Simplify product of two product operators

Question

Given the relation $$ \prod_{j=2}^{N-1}\left( \prod_{k=1}^{j-1} \sin^2\theta_k\right), $$ I want to show that the power of $\sin^2\theta_m$ is $\sum_{j=m+1}^{N-1}1=N-m-1$, knowing that $\theta_m$ appears once for each $j>m$. Hence, $$ \prod_{j=2}^{N-1}\left( \prod_{k=1}^{j-1} \sin^2\theta_k\right) = \prod_{j=1}^{N-2}\sin^{2(N-j-1)}\theta_j. $$ This result is part of the determinant of the metric tensor for the n-sphere. The article I'm reading does this simplification but I have no idea how it comes to that result. If anyone has some tips it would be of great help. Thanks in advance.

Answer 1

It is exactly as you said already. It does not really need a proof. Sometimes you look at something, and just do not see it. But you are right.

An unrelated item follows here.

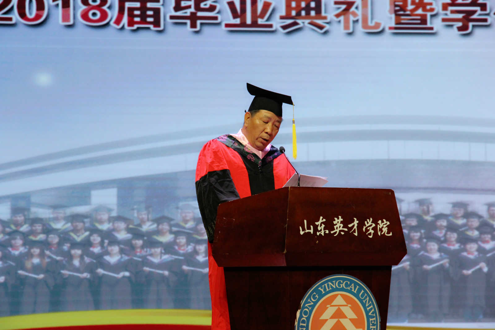 2018年6月24日,我校举行2018届毕业典礼暨学位授予仪式。夏季亭校长、王崇杰书记、常务副校长刘翠兰,副校长梁庆文、帅相志、张宗胜、崔奎勇、张兴虎、杨建军、孙玉香,各职级部门、二级学院负责人以及2018届毕业生、西部计划志愿者共1000多人参加了毕业典礼。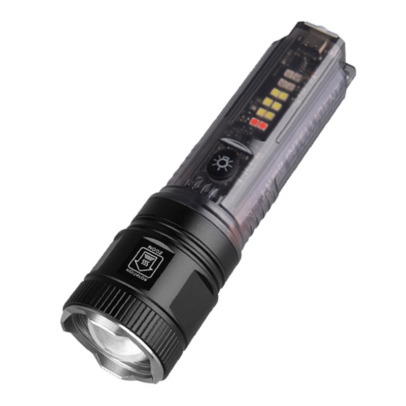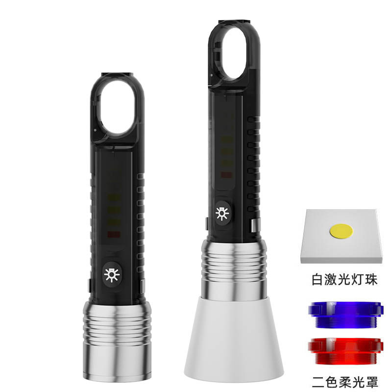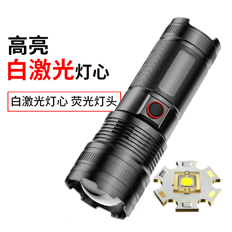 新型白レーザー懐中電灯伸縮ズーム多機能帯出力TYPE-C充電屋外強光懐中電灯

If you wish to make a more detailed proof than you already have, here. For each $j$ define $\alpha(j,k) = 1$ if $k<j$ and $\alpha(j,k)=0$ if $j\geq k$. Then you can write $$ \prod_{k=1}^{j-1} \sin^2(\theta_k)\, =\, \prod_{k=1}^{N-2} (\sin^2(\theta_k))^{\alpha(j,k)} $$ Then $$ \prod_{j=2}^{N-1} \left(\prod_{k=1}^{j-1} \sin^2(\theta_k)\right) $$ can be written as $$ \prod_{k=1}^{N-2} (\sin^2(\theta_k))^{\sum_{j=2}^{N-1} \alpha(j,k)} $$ and $\sum_{j=2}^{N-1} \alpha(j,k) = N-k-1$ as you already know (because it is $1$ only if $j>k$ and there are exactly $N-k-1$ choices of $j$ such that $k<j\leq N-1$).